Los médicos, como los adventistas del séptimo día, los socios del círculo de lectores, o los amigos del taperware forman una peligrosa secta en las que se dan todas las características de grupo destructivo, no solo en la forma de comunicarse, con un lenguaje propio y una escritura imposible, sino en muchos otros detalles típicos de esta clase de organizaciones como:

- Ante el dolor y la desesperación del individuo, al que ellos llaman paciente, ofrecen soluciones simplistas, rápidas y efectivas (generalmente antibióticos y mucho reposo), para que te sientas a gusto y confiado en esos primeros momentos.

- Contradicción entre la teoría y la práctica, resulta difícil ver los resultados prácticos de su discurso, mientras te cuentan lo peligrosos que es fumar, ellos tienen tres paquetes en el bolsillo.

- Tienen un líder carismático, mesiánico y dogmático al que llaman ministro y/o consejero, formando una estructura totalitaria, donde todo viene decidido desde arriba.

- Ofrecen una aparente seguridad personal, calor humano y trato amable, pero sólo hasta que están seguros que no eres de la inspección sanitaria, después, todos sabemos lo que pasa.

- Utilizan técnicas psicológicas coactivas para reclutar y adoctrinar a los pacientes, con amenazas sobre desgracias que les ocurrirán si no hacen caso de sus indicaciones, sosteniendo siempre que el fin justifica los medios.

- Conocen todo sobre ti, tus antecedentes y hasta los de tu familia y, alegando servicios a la sociedad, recluyen los casos más rebeldes en hospitales, no dudando en utilizar todo tipo de drogas para obtener el cambio deseado.

- Continuamente ofrecen una mejor calidad de vida... que solo será posible si sigues sus indicaciones durante el resto de tu vida.

Posiblemente ya has caído en sus garras, que no te confundan, la realidad es muy distinta.

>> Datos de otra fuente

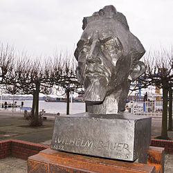 | Sculpture for Wilhelm Bauer 1822-1875, German inventor, in Kiel, Germany Dieses Bild zeigt ein Baudenkmal. Es ist Teil der Denkmalliste von Kiel. | Eigenes Werk | Arne List | Datei:Wilhelm Bauer sculpture Kiel.jpg |
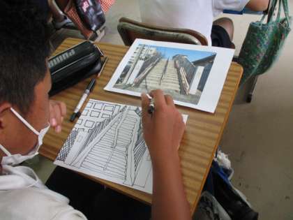 学校の近くの風景を写真に撮り,それをもとに絵を描いています。6年になるとしっかりと描けますね。
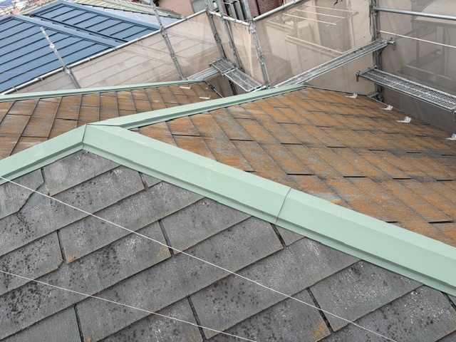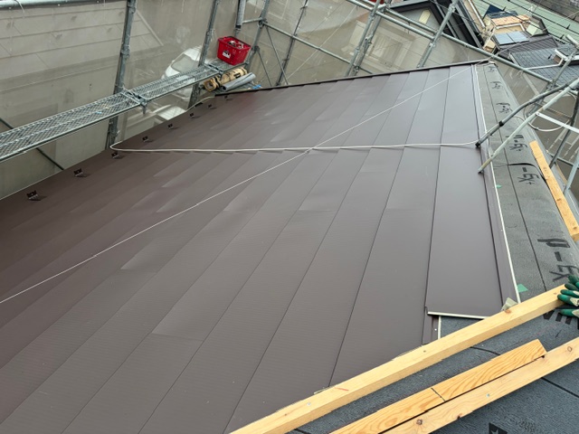 いつもの様に既存屋根材の上にルーフィングを敷き、新規屋根材を葺いていきました。
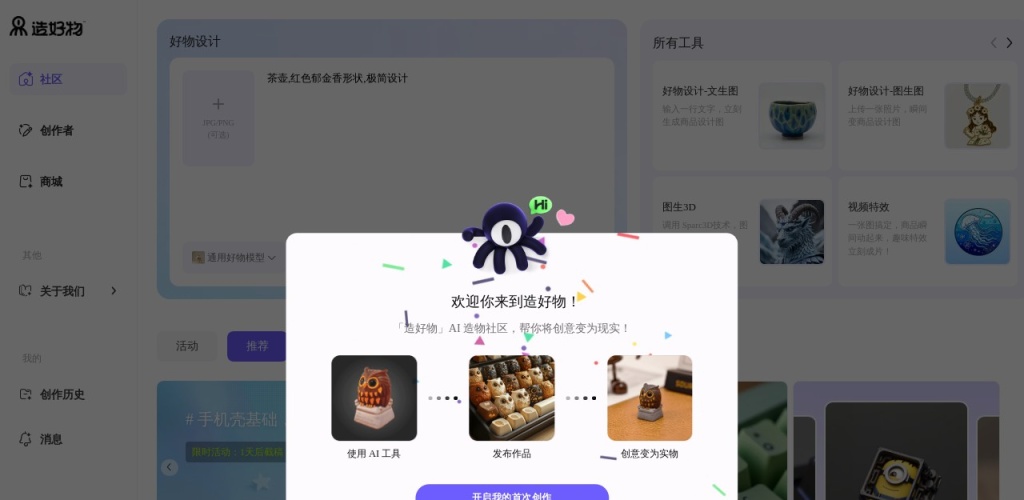 人人可用的极简操作: 我们坚信,伟大的工具不应只属于专业人士。造好物平台界面直观,操作流程极其简化。您无需任何设计背景,就像使用搜索引擎一样简单,输入想法,即可收获惊喜。

El cuerpo humano puede subsistir ¡y sin mayores problemas! sin gran parte del estómago, sin el bazo, sin el 75% del hígado, el 80% de los intestinos, sin un riñón, sin un pulmón y sin casi todos los órganos del área de la pelvis. Por ejemplo.

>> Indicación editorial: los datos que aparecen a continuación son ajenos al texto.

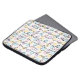 Colourful circles and black text writing seamless pattern over white background. Customisable lap top sleeve template
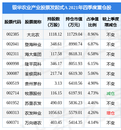 7.银华农业产业股票发起式A的前十大重仓股如下:以上内容由证券之星根据公开信息整理,如有问题请联系我们
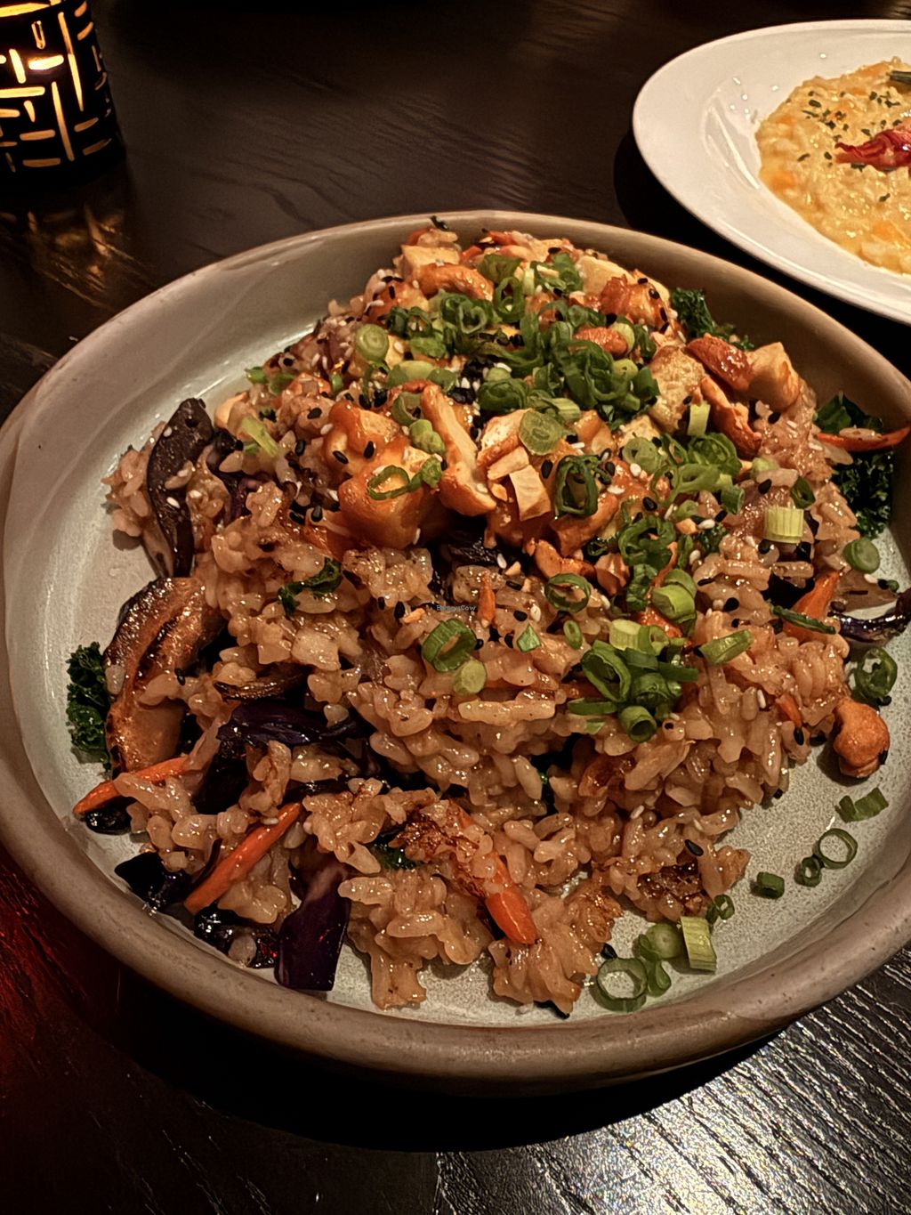 vegan risotto, tofu scallops, mushrooms, brussels sprouts
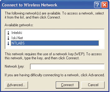 Затем я исследовал сетевые соединения: щелкнул правой кнопкой мыши на пиктограмме беспроводного соединения и выбрал из экранного меню функцию просмотра View Available Wireless Networks. На Экране 1 показано диалоговое окно Connect to Wireless Network со списком точек доступа, обнаруженных XP в лаборатории. Чтобы установить связь с точкой доступа, я просто выбрал SSID точки и щелкнул на кнопке Connect. Смена сетей происходила быстро, и система каждый раз автоматически изменяла параметры TCP/IP через DHCP. После того как я активизировал для каждой сети функции защиты 802.11b Wired Equivalent Privacy (WEP), для организации соединения потребовался еще один шаг - ввести сетевой ключ шифрования (WEP и проблемы безопасности будут подробно рассмотрены ниже). Ключ представляет собой пароль длиной от 5 до 13 символов ASCII, что соответствует 40- или 104-разрядному ключу шифрования. Ключ вводится в поле Network key диалогового окна на Экране 1. После того как введена информация о соединении с сетью, можно указать сетевые предпочтения, и XP сохранит информацию. В целом, процесс соединения XP с беспроводной сетью прошел относительно гладко, особенно по сравнению с аналогичной процедурой Windows 2000. При перемещении между различными сетями в Windows 2000 необходим беспроводный клиент от поставщика сетевой платы, а многие операции приходится выполнять вручную.
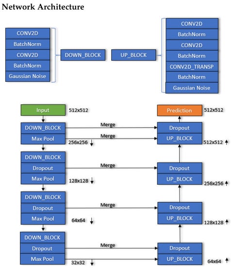A diagram of the network architecture used in this study. Down-sampling and up-sampling convolutional blocks are defined independently. Input data travel through a combination of down-sampling blocks, dropout, and pooling layers. The final down-sampled output is then passed through a combination of up-sampling blocks, dropout, and merge layers to create a final prediction of bathymetry. Figure from [].
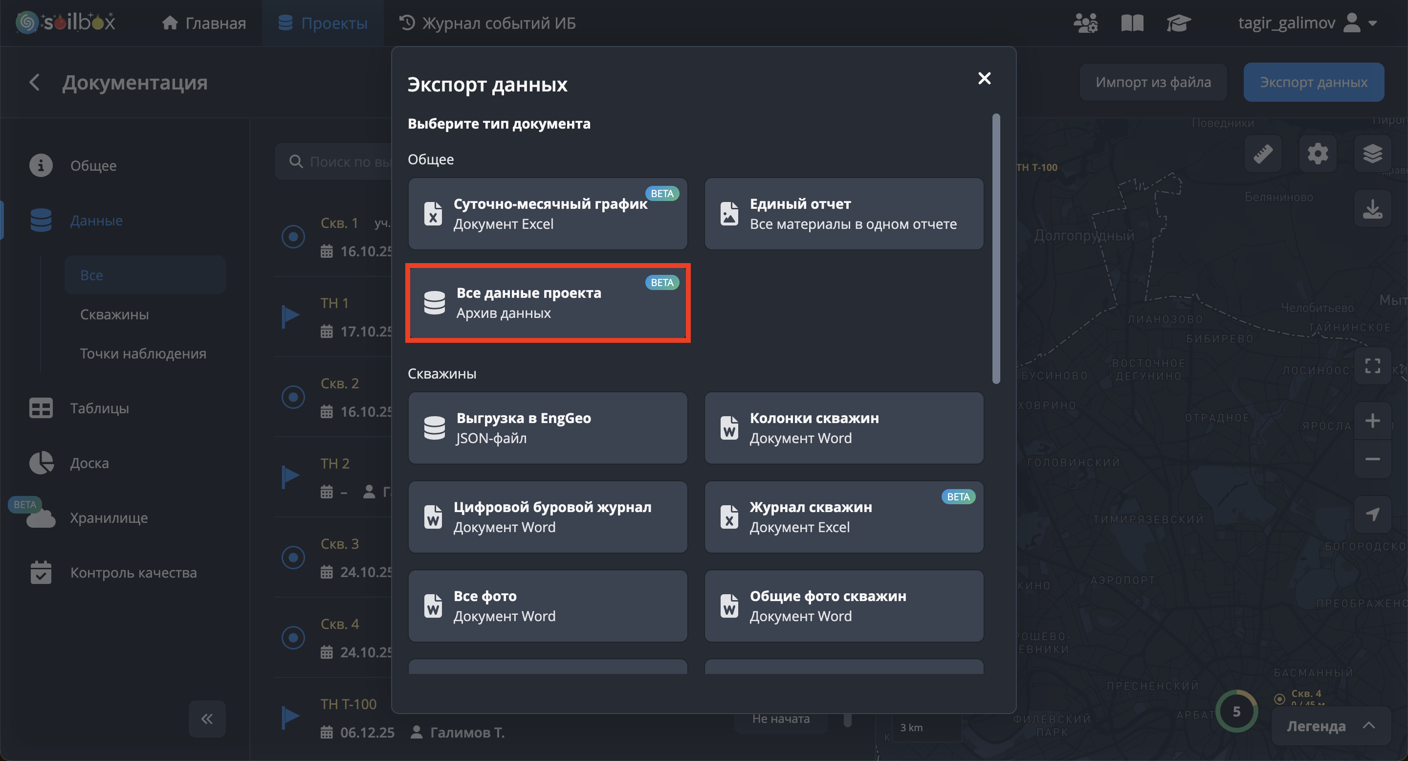 Для экспорта данных перейдите на страницу проекта и нажмите на кнопку "Экспорт данных", расположенную в правой части страницы.
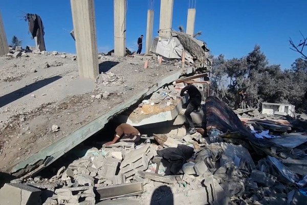 [Image: gedung universitas yang rusak akibat serangan udara di Teheran]

Claro, que también hay que reconocer que vivir sin determinados órganos de la pelvis, vida, lo que se dice vida... pues no sé yo si sería. Pero ese ya sería otro tema.

... hasasi

Todos los "capítulos" de "tantos hombres y tan poco tiempo"

1220. Martes, 29 julio, 2008

Capítulo Milésimo ducentésimo vigésimo: "Nunca hagas apuestas. Si sabes que has de ganar, eres un pícaro, y si no lo sabes, eres un tonto”. (Confucio, 551-479 a. de C.; filósofo chino)

Los datos semi-oficiales calculan que entre un 25% y un 30% -dependiendo de la especialidad- de las consultas que los pacientes realizan a los médicos son por pura hipocondría, en gran parte resultado de la avalancha de informaciones relativas a la salud que cada día reciben. “Llega el invierno, vacúnese contra la gripe; se siente cansado, tome vitaminas; tiene inapetencia sexual, con nuestro fármaco se lo solucionaremos".

La calvicie, la menopausia masculina, el cansancio, la menstruación, la timidez, todo es susceptible de ser enfermedad con el nombre adecuado y las técnicas de venta adecuadas. En la era de la obsesión por medicarse la cosa está llegando al extremo de muchos pacientes que salen de las consultas sintiéndose estafados cuando los médicos no les han recetado nada.

Lejos queda aquel galeno holandés, con un impronunciable nombre holandés (salvo para los holandeses), Hermann Boerhaave, que legó al morir un libro lacrado con el sugerente título de "Los secretos más exclusivos y más profundos del Arte Médico".

El libro, sellado aún, fue vendido en pública subasta por el precio de 20.000 dólares de oro, una fortuna para la época (alrededor del 1700). Cuando el nuevo propietario rompió el sello y abrió sus páginas, se encontró con el libro totalmente en blanco, salvo la página del título en la que se podía leer una nota al pie manuscrita por el autor y que decía:

"Conserve la cabeza fresca, los pies calientes, y hará empobrecer al mejor médico del mundo".